For our fourth and final session, ‘Working together: Teamwork and advocacy in addressing the safety gap’, we heard about the refugee crisis in Europe from a doctor’s perspective from Dr Marily Passakiotou, Chair of the Working Group for the Refugee Crisis, CPME. Dr Andrew Hartle then presented some stark statistics that 52% of LGBT people experience depression, and that one in eight LGBT people aged between 18 and 24 have attempted to take their own life. One in eight LGBT people (13%) experience some form of unequal treatment from healthcare staff because they are LGBT, and almost one in four LBGT people witnessed discriminatory or negative remarks against LGBT people by healthcare staff. Dr Hartle also shared the statistic that one in seven LGBT people avoided treatment for fear of discrimination because they are LBGT.
Dr Sally El-Ghazali, Chair of the Association of Anaesthetists Trainee Committee, then presented on the situation among trainee doctors in the UK, and recent research conducted by the Association of Anaesthetists on the effects of fatigue on trainees in the UK which gained attention after the tragic death of an anaesthetic trainee who fell asleep at the wheel of a car following a nightshift. The WFSA’s Director of Partnerships Dr Berend Mets spoke about the need for calm communications in adverse and stressful situations, presenting and discussing research on this topic. The final presentation in our fourth session was from Dr Nicole Phillips, who joined us from the Australian and New Zealand College of Anaesthetists. Dr Phillips spoke about how professional bodies can promote gender equity, as well as the difference between gender equality and equity.
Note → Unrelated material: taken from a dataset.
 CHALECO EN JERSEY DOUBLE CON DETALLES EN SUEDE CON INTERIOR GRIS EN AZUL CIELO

Dr Alan Merry, WFSA’s Treasurer, and Dr Berend Mets, WFSA’s Director of Partnerships, were the convenors of this SAFE-T Summit. Dr Alan Merry said “the Safe-T Summit on Equity in Global Healthcare brought together a varied group of outstanding speakers whose presentations underscored the importance of this subject, and stimulated useful discussion on ways to improve all aspects of equity for the benefit of our patients and ourselves.” Dr Berend Mets said “this Second SAFE-T Summit was a great success in bringing together poignant life-stories and pertinent fact’s informing the central message of the Summit: the promotion of Global Equity and Diversity in Healthcare.”
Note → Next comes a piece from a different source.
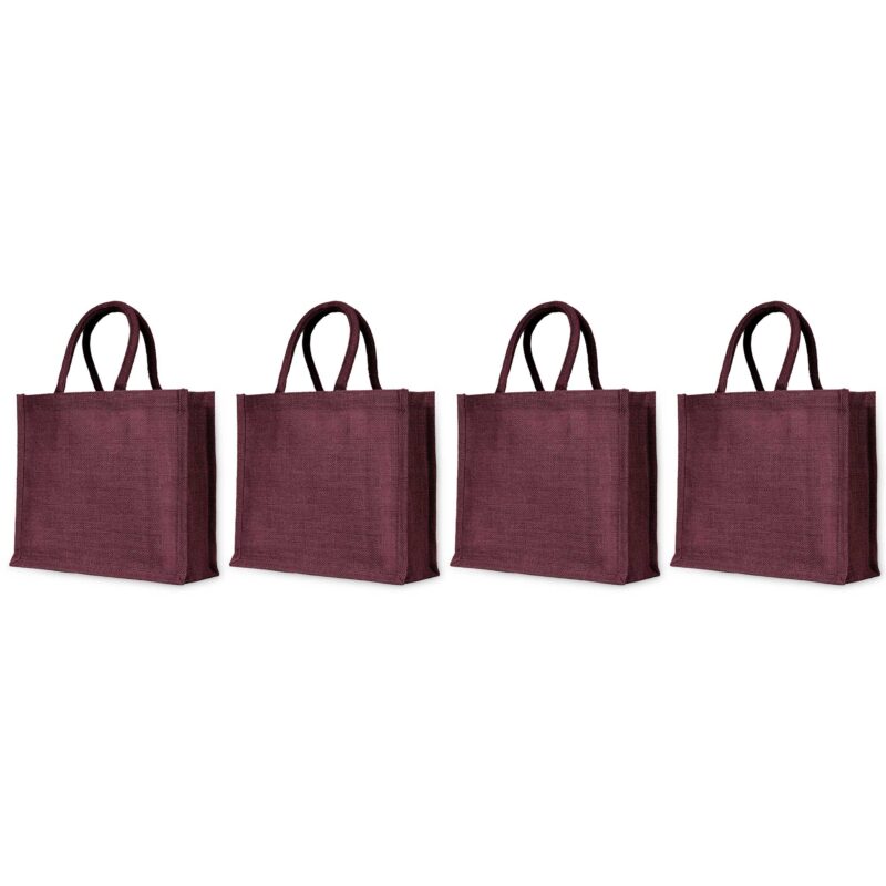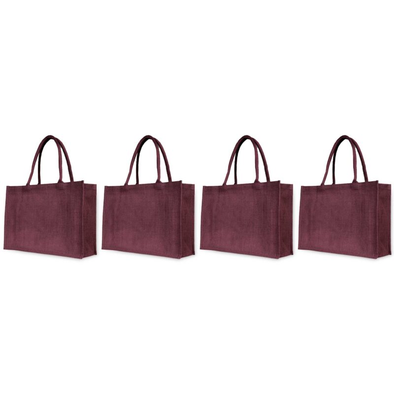 4-Pack Jute Tote Bags – Reusable 15″x12″x6″ Deep Red, Pink, Green & Orange

Without our outstanding speakers this event would not have been the success which it was, and the WFSA thanks all speakers for their time. We would also like to thank our sponsors, Diamedica, Sintetica, SmileTrain, Lifebox, the Association of Anaesthetists, and of course our headline sponsor Masimo.
We would also like to thank our co-hosts the RSM, who helped enormously in the run-up to the Summit and on the day.